Driving the future: Polymer Injection Technology
InfraBuild (formerly LIBERTY OneSteel) is shaking up the global construction industry and redefining steel as a green building material, all thanks to old car tyres.
With the development of its world-first Polymer Injection Technology (PIT), InfraBuild is preventing millions of old car tyres ending up in landfill while reducing the economic and environmental costs of steel manufacturing. Importantly, PIT doesn’t have any adverse effects on steel quality and it improves the environmental sustainability of the steelmaking process. For builders, engineers and architects, this means they can take advantage of steel's strength and flexibility while boosting their environmental credentials. In fact, using PIT will earn one Green Star point if using reinforcing steel in buildings.

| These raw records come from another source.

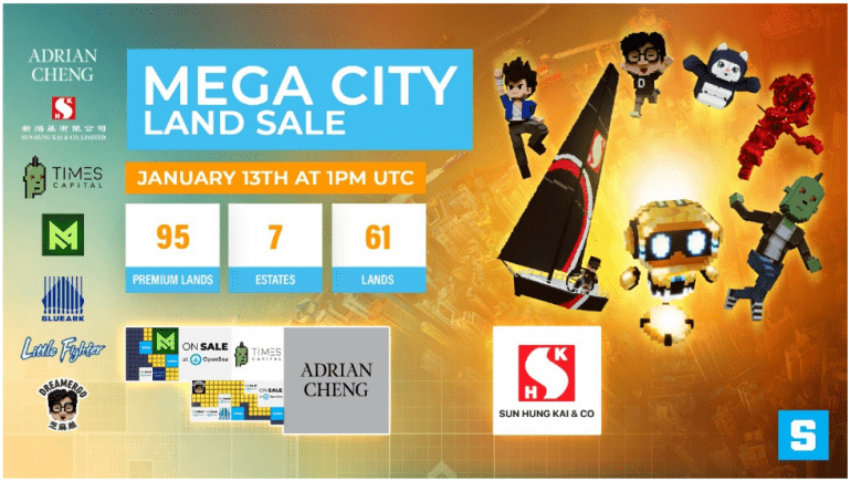 The name of the new land is Mega City, which is a new map in the Sandbox metaverse. The Mega-city map will be acquired by multiple Hong Kong partners from different industries, ranging from entertainment to real estate, music, finance, and gaming.
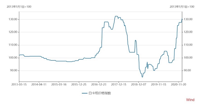 目前,白卡纸供需仍然偏紧。企业平均开工率持续维持在80%以上的高位。过去5年白卡纸行业需求复合增长率达到6%。2019年国内总需求达到802万吨,同比增长14%。白卡纸需求加速增长,但供给却十分有限。预计今年第四季度,金光纸业和太阳纸业白卡纸产能才会逐步落地。总体来看,行业供给端新增产能并不大。加之白卡纸行业第一和第二的金光纸业和博汇纸业已经合并,竞争大幅降低,有利于白卡纸价格中枢上移。因此,白卡纸涨价行情有望持续。截至1月15日,白卡纸指数站上130,已经接近2018年历史高点,白卡纸价格有望维持高位。
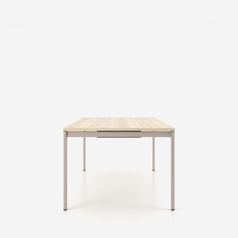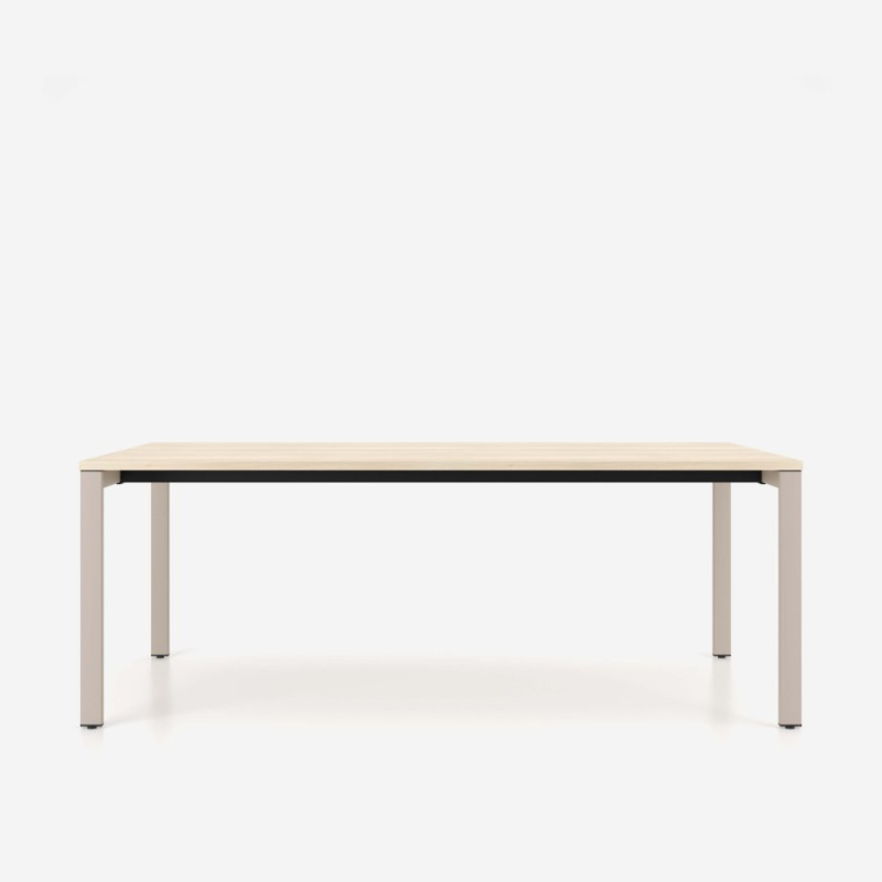 Puhaste joonte ja kerge disainiga koosolekulaud, millel on hele puidutoonis ristkülikukujuline töötasapind. Pulbervärvitud metallraam ja nelja jalaga konstruktsioon tagavad stabiilsuse ning vastupidavuse. Sobib suurepäraselt kaasaegsetesse koosoleku- ja tööruumidesse, kus hinnatakse lihtsust ja funktsionaalsust.
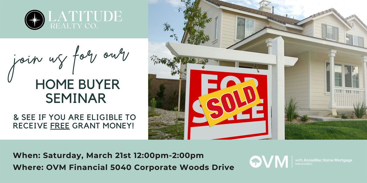 On Saturday, March 21st from 12:00pm-2:00PM, Latitude Realty, The Keeney Home Team & The OVM Financial Team is hosting a Home Buyer Seminar! This seminar will go over all of the steps it takes to successfully purchase a home... and see if you are eligible for FREE grant money!!
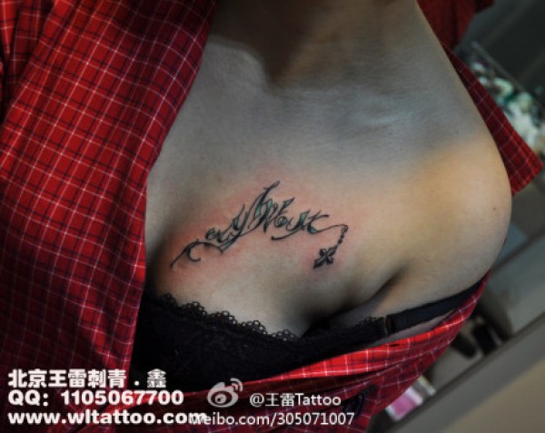 女生胸部时尚唯美的字母纹身图案_字母纹身图案大全_纹身图吧
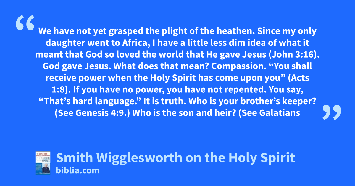 We have not yet grasped the plight of the heathen. Since my only daughter went to Africa, I have a little less dim idea of what it meant that God so loved the world that He gave Jesus (John 3:16). God gave Jesus. What does that mean? Compassion. “You shall receive power when the Holy Spirit has come upon you” (Acts 1:8). If you have no power, you have not repented. You say, “That’s hard language.” It is truth. Who is your brother’s keeper? (See Genesis 4:9.) Who is the son and heir? (See Galatians

Savings of 15–35 per cent on total carbon injectant costs makes the technology attractive for fabricators, distributors and developers, who can expect improvements in yield and productivity, inject oxygen consumption, refractory and electrode consumption and injection system wear.
How it works
PIT was developed in collaboration with the University of New South Wales (UNSW) as part of InfraBuild's commitment to innovation and thought leadership. It uses recycled polymers (particularly old car tyres and high-density polyethylene plastic) as alternate carbon injectants to produce the foaming slag required for the electric arc furnace (EAF) steelmaking process.
Conventionally, non-renewable coke or anthracite is used to produce the slag that acts as a blanket over the molten steel during the steelmaking process. This practice has faced criticism for its energy consumption, but PIT boosts the volume and foaming properties of the slag, which improves electrical energy efficiency by 3 per cent – a figure not to be sneezed at considering electricity costs can represent more than 20 per cent of the per-tonne cost of steel.

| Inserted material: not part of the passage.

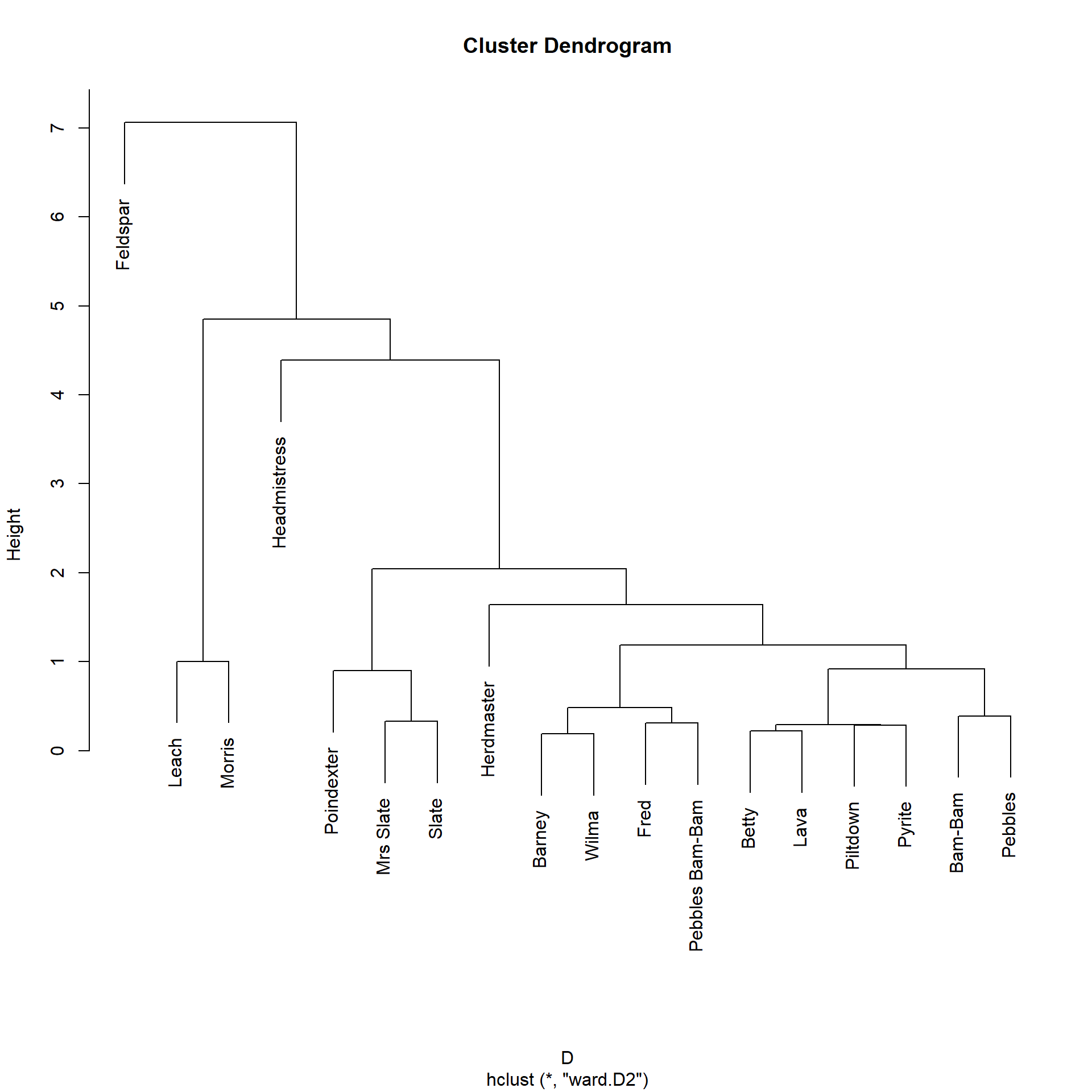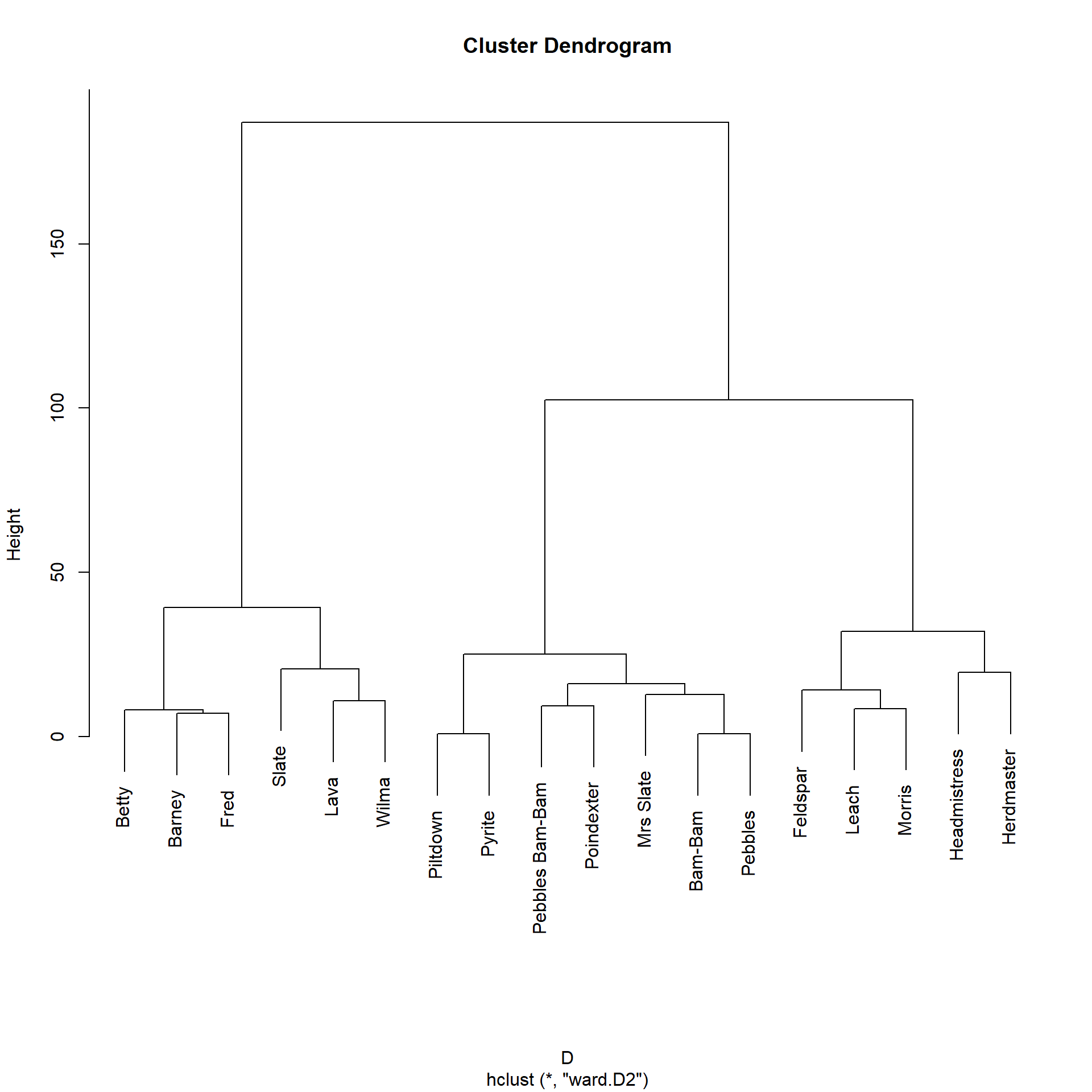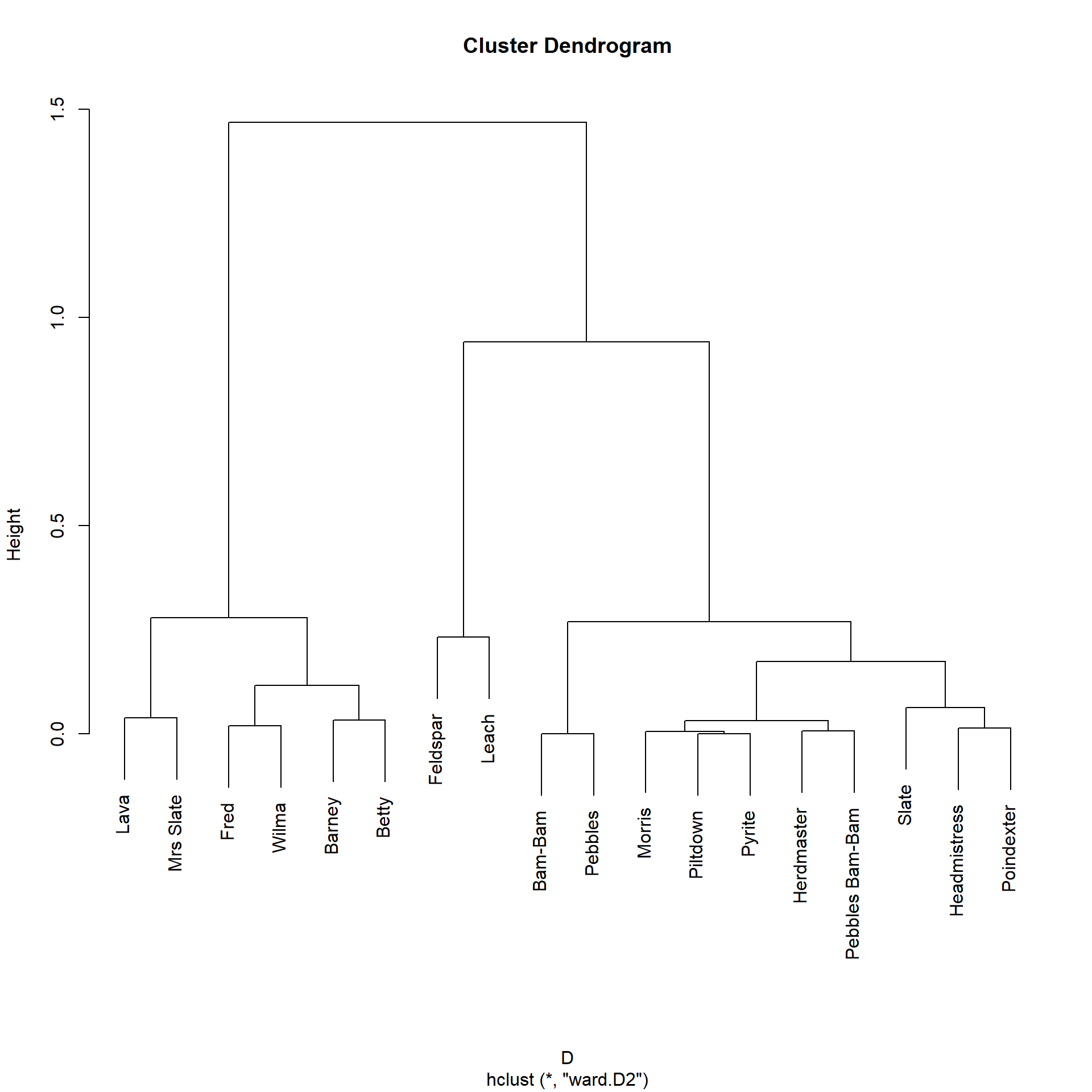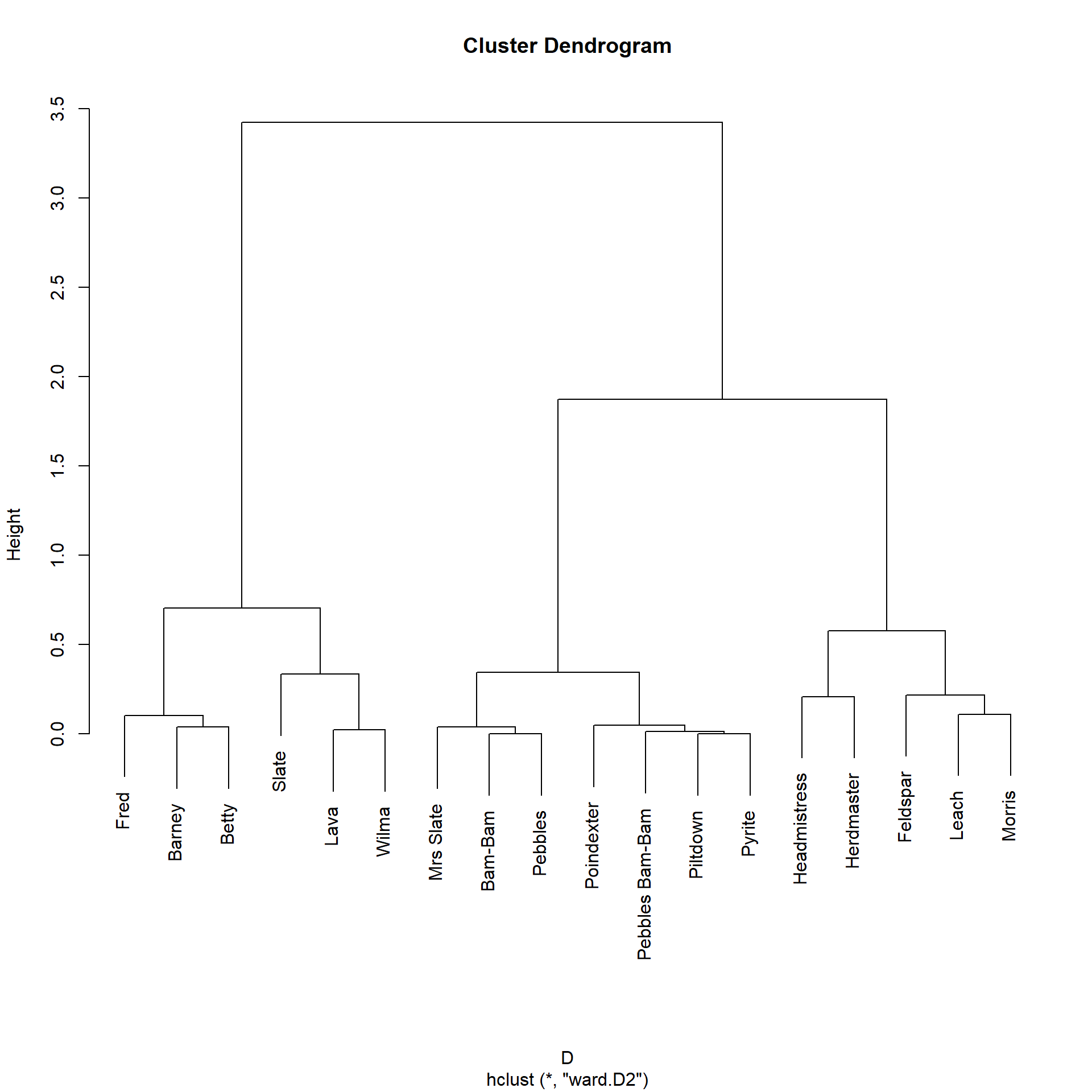 Which looks better. As we would expect, Fred is very similar to Barney and Betty. We can then do the standard hierarchical clustering to see how this similarity measure groups nodes:

PIT has been shown to perform better than metallurgical coke alone in EAF and can reduce the total amount of inject carbon required per heat by 10–20 per cent, while decreasing heat loss through the slag and sidewalls. Ultimately, the technology delivers cost savings through reduced energy consumption, cheaper injectables and lower greenhouse gas emissions.
The bottom line
InfraBuild’s PIT makes steel a more affordable and environmentally friendly building material. It not only diverts millions of tyres from landfill, it slashes greenhouse gas emissions at the world's 300 EAF steelmaking plants, which account for 25 per cent of crude-steel output globally.
For further details on InfraBuild’s Polymer Injection Technology contact:
Catherine Skidmore, InfraBuild Raw Materials and By-products Superintendent
+61 (02) 9675 9959
Read more about Polymer Injection Technology in a recent article on the development of the technology.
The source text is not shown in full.